Streit um Merz‘ Asyl-Anträge

von Redaktion

Die Grünen-Spitze sehr heiter auf der Groß-Demo. Hinten Luisa Neubauer mit Pappkarton, vorne unter anderem Michael Kellner, Felix Banaszak, Katrin Göring-Eckardt und Ministerin Lisa Paus. © Auf x von franziska brantner

München/Berlin – Es ist später Samstagabend, als in Berlin einige Kinnladen herunterklappen. Im Internet machen zwei Dokumente die Runde, und fast jeden Leser dürften sie überraschen.
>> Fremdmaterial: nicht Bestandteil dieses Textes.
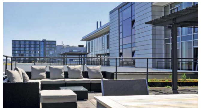
Laimer Atrium Munich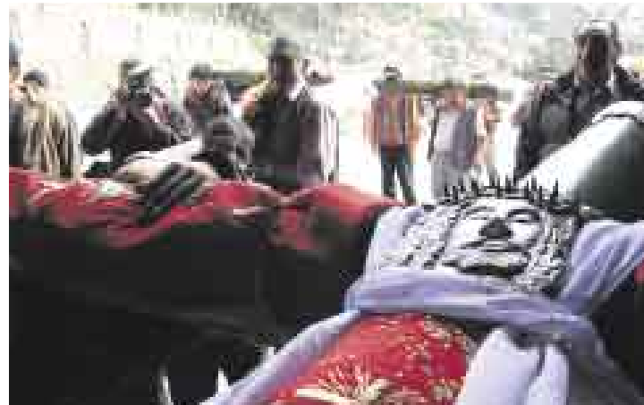
GALAS. Todos se afanan en presentar a sus cruces con sus mejores galas. Una sola cruz puede tener varias indumentarias.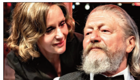
Winston és Garbo

A történelmi tényeken alapuló és anekdotákból jól ismert bonmot-kal operáló darab mégsem a két világhíresség miatt volt megkapó a veresegyházi színpadon. Két olyan kaliberű honi színészegyéniséget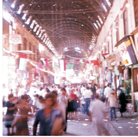
Hamidiye Kapalı Çarşısı (1980)

El-Hamidiye Çarşısı (Suq al-Hamidiyyah), Şam'ın eski surlarla çevrili şehrinin içinde, Kale'nin yanında bulunan Suriye'nin en büyük ve merkezi çarşısıdır. Çarşı yaklaşık 600 m uzunluğunda ve 15 metre genişliğindedir ve 10 metre yüksekliğinde metal bir kemerle örtülüdür. Çarşı, El-Sevra Caddesi'nden başlar ve Emevi Camii meydanında sona erer. Girişinde ise antik Roma Jüpiter Tapınağı 12 m yüksekliğindedir.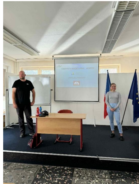
Nabídka spolupráce s resortem Bílá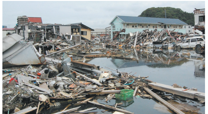
東日本大地震で、建物、道路などが壊滅的に破壊された気仙沼市街

東日本大地震では、大津波が発生し、見慣れたまちは一瞬にして飲み込まれました。こうした災害により道路が寸断すると、物資はもちろん、他の地域からのLPガスの緊急搬送は困難が予想されます。地域住民の避難場所となる公共施設等でLPガス機器を常用することにより、災害時のライフラインを確保することができます。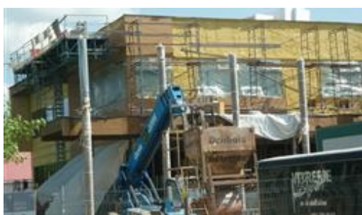
Une école en transformation

Es sind die Entwürfe für Anträge an den Bundestag, mit denen CDU und CSU nächste Woche ihre harte Linie in der Migrationspolitik – Grenzen dicht, Abschiebehaft unbegrenzt – zur Abstimmung stellen wollen. Sie sind so formuliert, dass AfD und BSW eine Zustimmung praktisch unmöglich ist. Nun hängt es an SPD und Grünen, ob sich eine Mehrheit in der Mitte findet.
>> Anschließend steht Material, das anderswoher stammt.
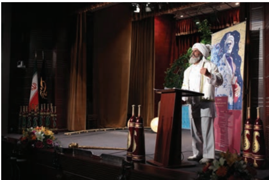
▲ تصویر ۳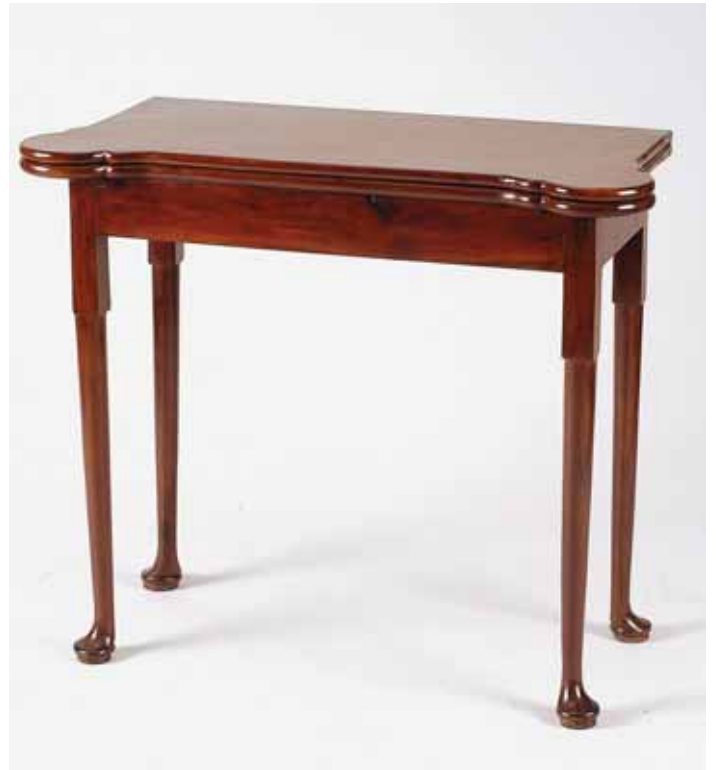
356 MESA DE JOGO, Jorge II, mogno, pés de "Bolacha", inglesa, séc. XVIII, pequenos defeitos Dim. - 73,5 x 85 x 40 cm

„Wer die illegale Migration bekämpft, entzieht auch Populisten ihre politische Arbeitsgrundlage“, schreiben CDU-Kanzlerkandidat Friedrich Merz und CSU-Landesgruppenchef Alexander Dobrindt darin. Sie greifen die AfD frontal an: Sie schüre Fremdenfeindlichkeit auf Basis von „Problemen, Sorgen und Ängsten, die durch massenhafte illegale Migration entstanden sind“, bringe Verschwörungstheorien in Umlauf und werde Deutschland mit EU- und Euro-Austritt ruinieren. „Diese Partei ist kein Partner, sondern unser politischer Gegner.“ Für die russlandfreundlichen BSW-Genossen finden sich harte Formeln gegen „den russischen Diktator Putin“ im Vorspann.
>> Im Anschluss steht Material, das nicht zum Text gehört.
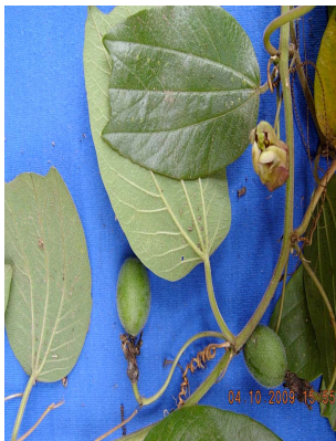
26 Passiflora alnifolia PASSIFLORACEAE

Die Botschaft: Die Union will eine drastische Wende beim Asyl, aber sie biedert sich dafür nicht AfD oder BSW an – jenen Parteien, ohne die Union und FDP keine Mehrheit gegen Rote und Grüne bekämen. Ist das nun Rückgrat? Oder ein Einknicken? Die Dokumente platzen in ein Wochenende, an dem heftig diskutiert wird, ob Merz mit seiner Migrationspolitik plötzlich entgegen allen Versprechen die „Brandmauer“ zur AfD einreißen wolle. Auch die CDU ringt darum. Zwar stellten sich alle relevanten Landespolitiker, darunter die Ministerpräsidenten und auch liberalere Landesminister, offen hinter Merz. Doch an der Basis gab es manche, die mit dem Kurs hadern. Für heute ist eilig eine Bundesvorstandssitzung der CDU einberufen.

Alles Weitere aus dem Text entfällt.